Mailing List Archive: Parse's current index

[REBOL] Parse's current index

From: hallvard::ystad::helpinhand::com at: 17-Jan-2002 10:47


Hello everyone


I've got a decode-url function from somewhere, did a search to find out where, but didn't 
succeed. Have searched the escribe site as well, but with no luck. (Did I write it myself?).

Here's the code:
decode-url: func [to-decode /local hex] [
  hex: charset "0123456789ABCDEFabcdef"

  parse/all to-decode [some [copy entity insert-point: ["%" 2 hex] (
                             insert-point: remove/part insert-point 3

                             insert insert-point to-char to-integer to-issue next entity) |
                             skip ]]
  to-decode
]


Now I discovered that the code has a problem: once it finds an entity, it replaces three 
characters with one. As the parse continues, of two adjacent entities, only the first 
will be replaced, since parse suddenly finds itself in the middle of the next one after 
the replace:
>> decode-url "http%3A%2F%2Fwww.rebol.com%2F"
== "http:%2F/www.rebol.com/"


I looked at different parse tutorials, including yours, Brett, to manipulate parse's 
index.
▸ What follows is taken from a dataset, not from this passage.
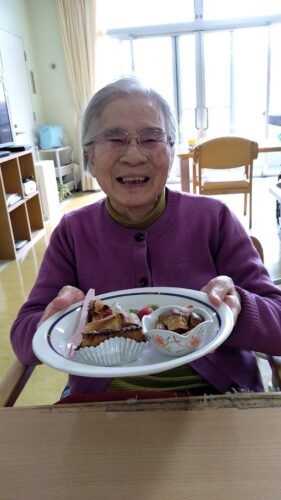 甘いもの大好きな男性入居者様も笑顔で召し上がられていました。
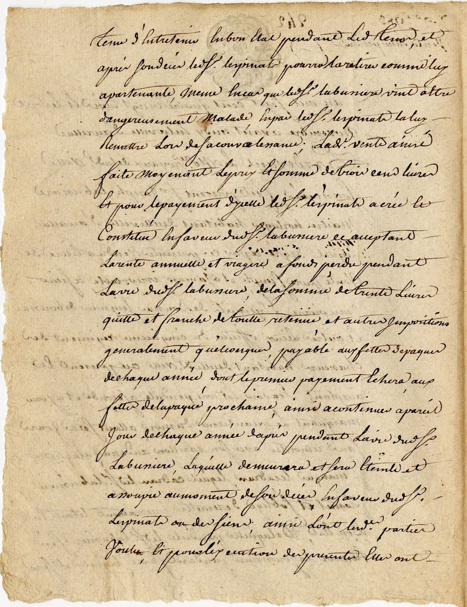 L’horloge est estimée à la somme de 300 livres (prix équivalent à deux bœufs), payables par tranche de trente livres à chaque fête de Pâques jusqu’au décès de Joseph Labussière, que celui-ci intervienne dans un délai inférieur ou supérieur à dix ans. Comme pour tout viager, l’acheteur prend donc le risque de payer l’objet de ses désirs extrêmement cher si la vie de l’horloger devait se prolonger. Toutefois, Jean-Pierre Lespinats semble avide de posséder cette pendule car il fait introduire une clause particulière dans le contrat : « en cas que ledit sieur Labussière vint à être dangereusement malade », l’acheteur pourra se saisir de l’horloge et ne la restituera que lors de la convalescence de l’horloger !

But look at this:

decode-url: func [to-decode /local hex] [
  hex: charset "0123456789ABCDEFabcdef"

  parse/all to-decode [some [copy entity insert-point: ["%" 2 hex] (
                             insert-point: remove/part insert-point 3

                             insert insert-point to-char to-integer to-issue next entity
                             print join "entity: " entity
                             print join "instert-point after replace: " insert-point
                             ) |
                             (print join "not %: " insert-point ) skip ]]
  to-decode
]
>> print decode-url "http%3A%2F%2Fwww.rebol.com%2F"
not %: http%3A%2F%2Fwww.rebol.com%2F
not %: ttp%3A%2F%2Fwww.rebol.com%2F
not %: tp%3A%2F%2Fwww.rebol.com%2F
not %: p%3A%2F%2Fwww.rebol.com%2F
entity: %3A
instert-point after replace: :%2F%2Fwww.rebol.com%2F
not %: F%2Fwww.rebol.com%2F
entity: %2F
instert-point after replace: /www.rebol.com%2F
not %: w.rebol.com%2F
not %: .rebol.com%2F
not %: rebol.com%2F
not %: ebol.com%2F
not %: bol.com%2F
not %: ol.com%2F
not %: l.com%2F
not %: .com%2F
not %: com%2F
not %: om%2F
not %: m%2F
entity: %2F
instert-point after replace: /
not %: /
not %:
http:%2F/www.rebol.com/


So the insert-point is perfectly well situated to continue, but it seems once an entity 
is evaluated and replaced, 'parse continues at the index where it left of *in*the*original*string*. 
Suppose this is only natural and as it should be, but I haven't had enough coffee to 
find a workaround this morning. (except this:
replace/all the_url "%3A" ":"
replace/all the_url "%2F" "/"
replace/all the_url "\" "/"
but I'd prefer my decode-url method to work).


Do I have to rewrite the rule to look only for "%", so that the next two characters are 
untouched?

~H